Judiciales
Confirmaron condena al médico Rodríguez Lastra
El Tribunal de Impugnación ratificó la sentencia condenatoria a un año y dos meses de prisión en suspenso para el médico cipoleño.

El Tribunal de Impugnación (TI) dispuso, por mayoría, rechazar la impugnación presentada por el médico Leandro Javier Rodríguez Lastra, y en consecuencia ratificó la sentencia condenatoria a un año y dos meses de prisión en suspenso por incumplimiento de deberes de funcionario público y la inhabilitación para ejercer cargos en el sector público por el doble de ese lapso.
También hizo lugar a uno de los planteos de la Fiscalía respecto a que se trató de un caso de violencia obstétrica, que había sido desestimada por el fallo de primera instancia. De esta manera, y solo para este punto, habrá una audiencia de cesura para imponer pautas al condenado.
Voto absolutorio
El primer voto correspondió al juez Carlos Mussi y explicó su postura a favor de la revocatoria del fallo condenatorio.

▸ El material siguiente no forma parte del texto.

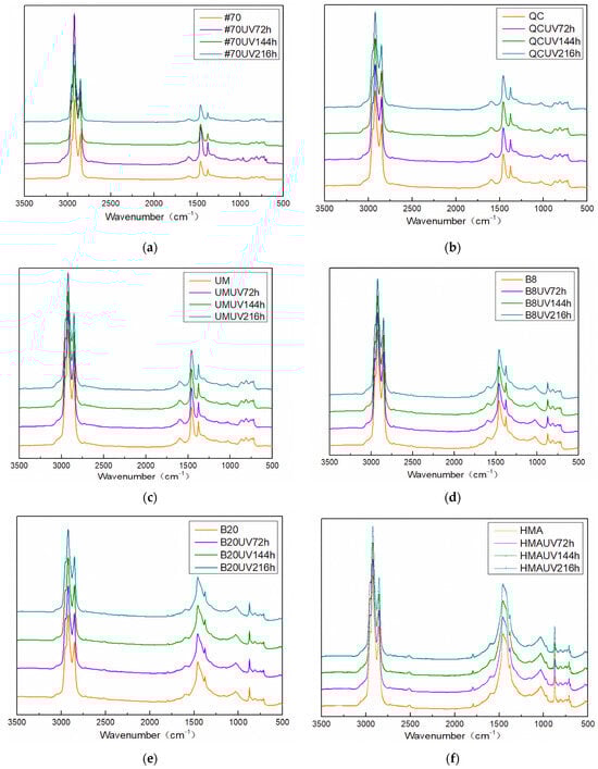 FTIR results. (a) #70; (b) QC; (c) UM; (d) B8; (e) B20; and (f) HMA.

El punto central de su argumentación es la infección que tendría la paciente al momento de tomar contacto con Rodríguez Lastra.
El juez sostuvo que en la “Guía para la Atención integral de mujeres que cursan un aborto” del Ministerio de Salud dice que es deber médico “en caso de considerar la existencia de una infección es conveniente tomar muestras para realizar un cultivo bacteriológico, pero si no se cuenta con esta posibilidad iniciar el tratamiento antibiótico de inmediato, antes de realizar la evacuación. Toda lesión de la vagina o del cuello uterino es indicio de la presencia o la posibilidad de una infección, en cuyo caso es necesario administrar antibióticos”.

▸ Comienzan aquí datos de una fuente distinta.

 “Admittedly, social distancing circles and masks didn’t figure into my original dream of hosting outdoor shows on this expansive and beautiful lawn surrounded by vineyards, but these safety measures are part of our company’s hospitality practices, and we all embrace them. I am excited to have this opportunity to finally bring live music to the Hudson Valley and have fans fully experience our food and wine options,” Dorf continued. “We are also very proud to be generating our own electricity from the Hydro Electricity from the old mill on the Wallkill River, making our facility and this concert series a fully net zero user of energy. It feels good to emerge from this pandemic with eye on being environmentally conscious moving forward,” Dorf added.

De esta manera, para el juez, “teniendo el marco de actuación del médico exigido por los protocolos aplicables, no tengo dudas de que en el caso en concreto, ante los valores clínicos enunciados existía al menos la fundada sospecha de que estaba ante un cuadro infeccioso. Y si existe la fundada sospecha, el médico debe actuar, para estabilizar a la paciente, para brindar un tratamiento adecuado que evite que la condición progrese y empeore la salud de la paciente”.
“El protocolo es elocuente en un sentido, primero requiere la estabilización de la paciente y suministrarle antibióticos, cuestión que Rodríguez Lastra hizo, puesto que le suministró antibióticos y requirió los laboratorios correspondientes, los cuales estuvieron el día 3 de abril”, aseveró.
“Entonces esto me lleva a pensar que más allá de las intenciones o no de Rodrigue Lastra, no podía continuar con un supuesto aborto en curso, cuando se encontraba ante un posible cuadro de “aborto infectado”, conforme las definiciones de la propia guía, exigiéndosele conductas médicas concretas”, explicó.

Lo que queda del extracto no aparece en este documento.